Automatic Distribution: The default option, Redshift automatically manages your distribution strategy for you, shifting from an initial ALL strategy (for smaller tables) to EVEN distribution (for larger tables). Note: Redshift will not automatically switch back from EVEN to ALL.
Even Distribution: With the EVEN distribution, the leader node distributes rows equally across all slices. This is appropriate for tables that do not participate in joining.
Key Distribution: With the KEY distribution, rows are distributed according to a selected column. Tables that share common join keys are physically co-located for performance.
All Distribution: A copy of the entire data set is stored on each node. This slows down inserting, updating, and querying. This distribution method is only appropriate for small or rarely-updated data sets.
You need to know the DynamoDB partition sizing formula by heart: (Desired RCU/3000 RCU) + (Desired WCU/1000 RCU) = # of partitions needed
AWS Machine Learning does not support unsupervised learning - you will need Apache Spark or Spark MLLib for real-time anomaly detection.
In the context of evaluating a Redshift query plan, DS_DIST_NONE and DS_DIST_ALL_NONE are good. They indicate that no distribution was required for that step because all of the joins are co-located.
DS_DIST_INNER means that the step will probably have a relatively high cost because the inner table is being redistributed to the nodes. DS_DIST_ALL_INNER, DS_BCAST_INNER and DS_DIST_BOTH are not good. (Source)
You must disable cross-region snapshots for Redshift before changing the encryption type of the cluster.
Amazon recommends allocating three dedicated master nodes for each production ElasticSearch domain.
DynamoDB: Remember to use “write sharding” to allow writes to be distributed evenly across partitions. There are two methods for this: Random Suffixes and Calculated Suffixes.

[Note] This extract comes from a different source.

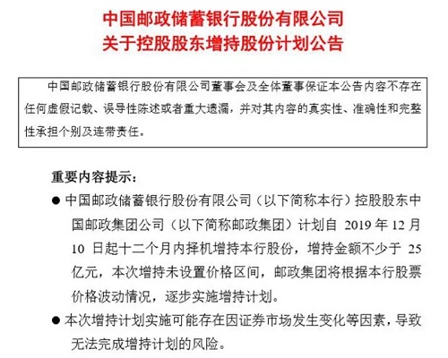 備受市場關(guān)注的是,同日,郵儲銀行還發(fā)布了《關(guān)于控股股東增持股份計劃公告》。公告稱,控股股東中國郵政集團公司(下稱郵政集團)計劃自2019年12月10日起12個月內(nèi)擇機增持該行A股股份,增持金額不少于25億元。這體現(xiàn)了控股股東對郵儲銀行投資價值的高度認(rèn)可,也將為證券市場的穩(wěn)定運行創(chuàng)造良好環(huán)境,彰顯“國家隊”擔(dān)當(dāng)。

To make your data searchable in CloudSearch, you need to format it in JSON or XML.
You can use popular BI tools like Excel, MicroStrategy, QlikView, and Tableau with EMR to explore and visualize your data. Many of these tools require an ODBC (Open Database Connectivity) or JDBC (Java Database Connectivity) driver. (Source)
Mahout is a machine learning library with tools for clustering, classification, and several types of recommenders, including tools to calculate most-similar items or build item recommendations for users. Use it to carry out Machine Learning work on top of Hadoop.
When preparing to use a Lambda/Kinesis combination, make sure to optimize your Lambda memory and batch size, and adjust the number of shards used by the Kinesis streams.
Triggers do not exist in Redshift.
Amazon Kinesis Aggregators is a Java framework that enables the automatic creation of real-time aggregated time series data from Kinesis streams. (Source)
You can’t encrypt an existing DynamoDB table. You need to create a new, encrypted table and transfer your data over. (Source)
Presto is a fast SQL query engine designed for interactive analytic queries over large datasets from multiple sources. (Source)
Connection log — logs authentication attempts, and connections and disconnections.
User log — logs information about changes to database user definitions.
User activity log — logs each query before it is run on the database.
Kinesis Data Firehose can send records to S3, Redshift, or Elasticsearch. It cannot send records to DynamoDB. (Source)
A serverless solution to ingest, query, and visualize Big Data using Kinesis, Glue, Athena, and QuickSight.
Use Spark for general purpose Amazon EMR operations, use Presto for interactive queries, and use Hive for batch operations.
Use Athena generally to query existing data in S3. You should be aware that Redshift Spectrum exists, and that it can query data in S3.
If a question is asking how to handle joins or manipulations on millions of rows in DynamoDB, there’s a good chance that EMR with Hive is the answer.
When using Spark, you should aim for a memory-optimized instance type.
To improve query performance and reduce cost, AWS recommends partitioning data used for Athena, and storing your data in Apache Parquet or ORC form - not .csv!
Use the COPY command to transfer data from DynamoDB to Redshift. Use UNLOAD to transfer the results of a query from Redshift to S3.
Redshift clusters have two types of nodes: Leader nodes and Compute nodes.
Not to be confused with EMR, which uses Master, Core, and Task nodes.
Use ElasticSearch to analyze data stream updates from other services, such as Kinesis Streams and DynamoDB.
Amazon Schema Conversion Tool is sometimes referred to as SCT.